The museum and the memorial, each the first of their kind, were conceived by lawyer, activist, and MacArthur “Genius” Bryan Stevenson. The twin-pronged project was produced by the Equal Justice Initiative (EJI), the nonprofit human rights organization Stevenson founded in 1994 to fight mass incarceration and racial and economic injustice. (The EJI raised more than $20 million in private donations—many for as little as $20 and $30—to fund the project. Major corporations like the Ford Foundation and Google also backed the initiative, as did philanthropists like Jon and Pat Stryker, who donated $10 million.)
Stevenson says the project was designed to offer a direct counterpoint to the country’s penchant for softening representations of slavery—minimizing its brutality and its racist legacy.
“Our nation has tried very hard to create a picture of slavery that is benign and inoffensive,” Stevenson tells artnet News. “We don’t generally show the chains, the suffering, and the brutality. As a result, we’ve done a poor job confronting the legacy of slavery or acknowledging the shame of white supremacy and racial bigotry.”
Addressing that legacy in a museum setting required both directness and care. While it was essential to accurately capture the horrors of slavery, Stevenson says it was also important to bring visitors to that imagery thoughtfully.
“We’ve been very cautious about graphic images of lynching victims because without care they can dehumanize and distract,” Stevenson explains. “However, people in the US are often so resistant to acknowledging the brutality of racism that for some, those images must be seen. We use technology to blur and distort them until someone chooses to see that violence.”
Both the museum and memorial will open with a two-day-long summit of programming featuring figures such as Ava DuVernay, Gloria Steinem, Usher, the Roots, and former Vice President Al Gore. Thousands of visitors are expected to attend.

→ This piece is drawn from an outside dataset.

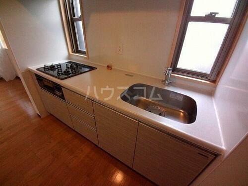 | キッチン | ガスコンロ可、システムキッチン、カウンターキッチン、3口以上コンロ |
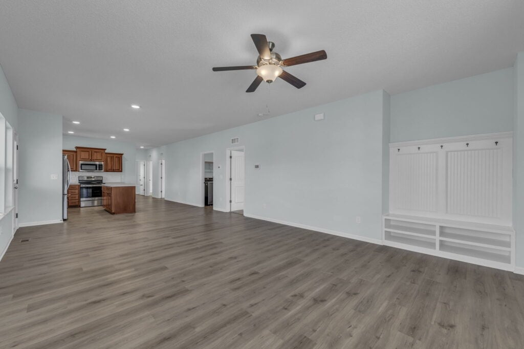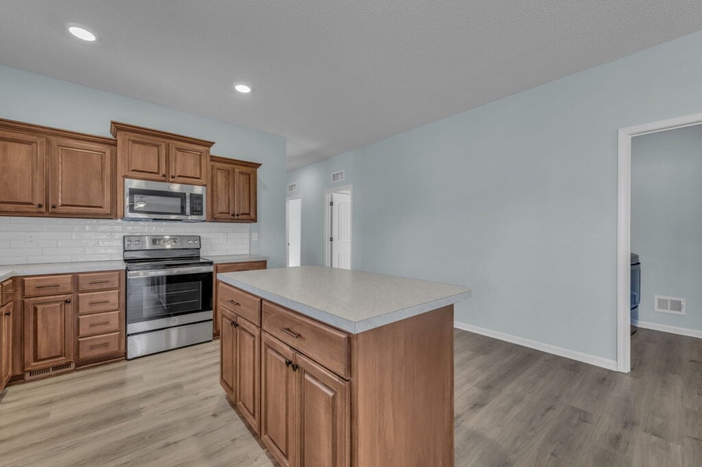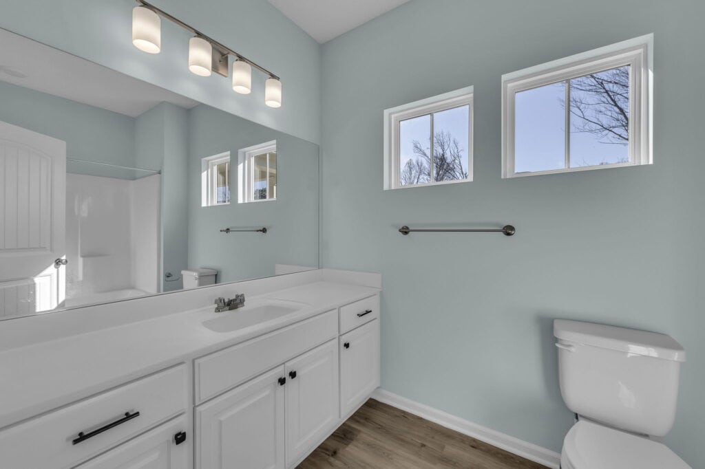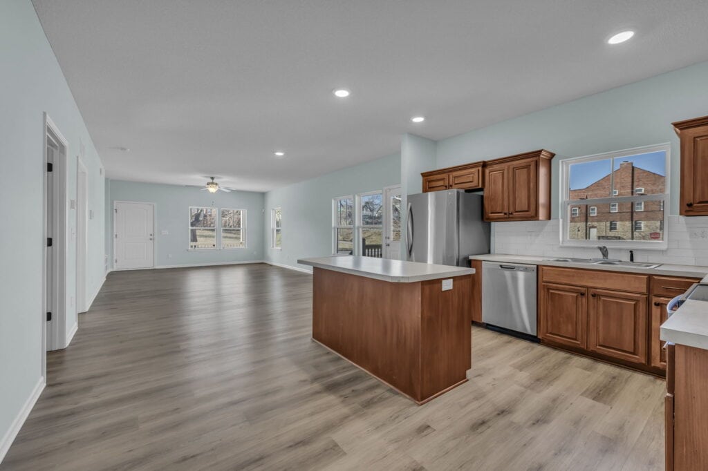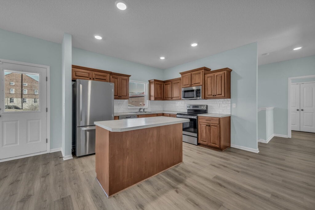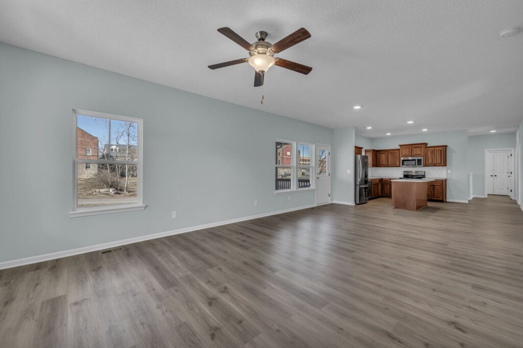 This home is built on the 640 Seneca plan, which features an open floorplan, a walk-out basement, rear-entry two-car garage, vinyl/laminate floors in the living room, dining room, and kitchen. Click here to view a walkthrough of this floor plan.

Stevenson believes the museum will challenge all visitors in a way they’ve never experienced. “This museum will be a new experience for many people in the US because we don’t typically acknowledge our failures or confront our history of racial bigotry,” Stevenson says. “But changing the narrative about the legacy of slavery requires some measure of courage. We’re asking people to be brave. We believe that understanding our history won’t harm us, it will actually empower us to create a better future.”
Below, take a more in-depth look at the memorial and the museum.
Situated on a six-acre patch of land less than a mile from the museum, the National Memorial for Peace and Justice is an open square structure with a connected walkway and awning overhead. Eight hundred six-foot-tall corten steel blocks are suspended from the ceiling—one for each county in the United States where a lynching occurred—with the names of over 4,000 victims of racial terror inscribed on them.
At the entrance, the blocks touch the floor, but as visitors move along through the installation, the floor slowly slants downward giving the effect that the blocks are rising higher. Visitors will wind their way around the monument’s outer rim and inward toward a grassy hill at the center of the monument—a site of reflection.
Outside the square monument are an additional 800 steel blocks, duplicates of those that are hanging inside. Eventually, each one will be placed in the county it represents, serving as on-site monuments to the victims.
The memorial has been in the works since 2010, when EJI began researching and documenting thousands of lynchings that occurred in twelve states. The organization’s work culminated in their 2015 report, “Lynching in America: Confronting the Legacy of Racial Terror.”
In the heart of Montgomery—the former capital of the domestic slave trade in Alabama—the Legacy Museum stands on the site of a former slave warehouse and is just steps away from what was once one of the most prominent slave auction sites in the country. From oral history to interactive technology, the data-heavy exhibits combine a variety of media and archival materials to recount the history of slavery, racial terror, segregation, police violence, and mass incarceration in America.
“Artists help us understand aspects of the human struggle that are difficult to articulate with mere description,” Stevenson says. “Great art can illuminate history and interpret our hopes and fears in ways that can be powerful, beautiful and unforgettable. At the Legacy Museum, we want to employ every narrative tool that can deepen our commitment to human rights and human dignity.”
The majority of the institution’s collection comprises existing works, chosen by Stevenson and his team after reviewing catalogues and speaking with artists. Titus Kaphar’s sculpture Doubt is included, as is Sanford Biggers’s BAM (For Michael). There’s also a new, unseen work by Glenn Ligon that was created specifically for the institution.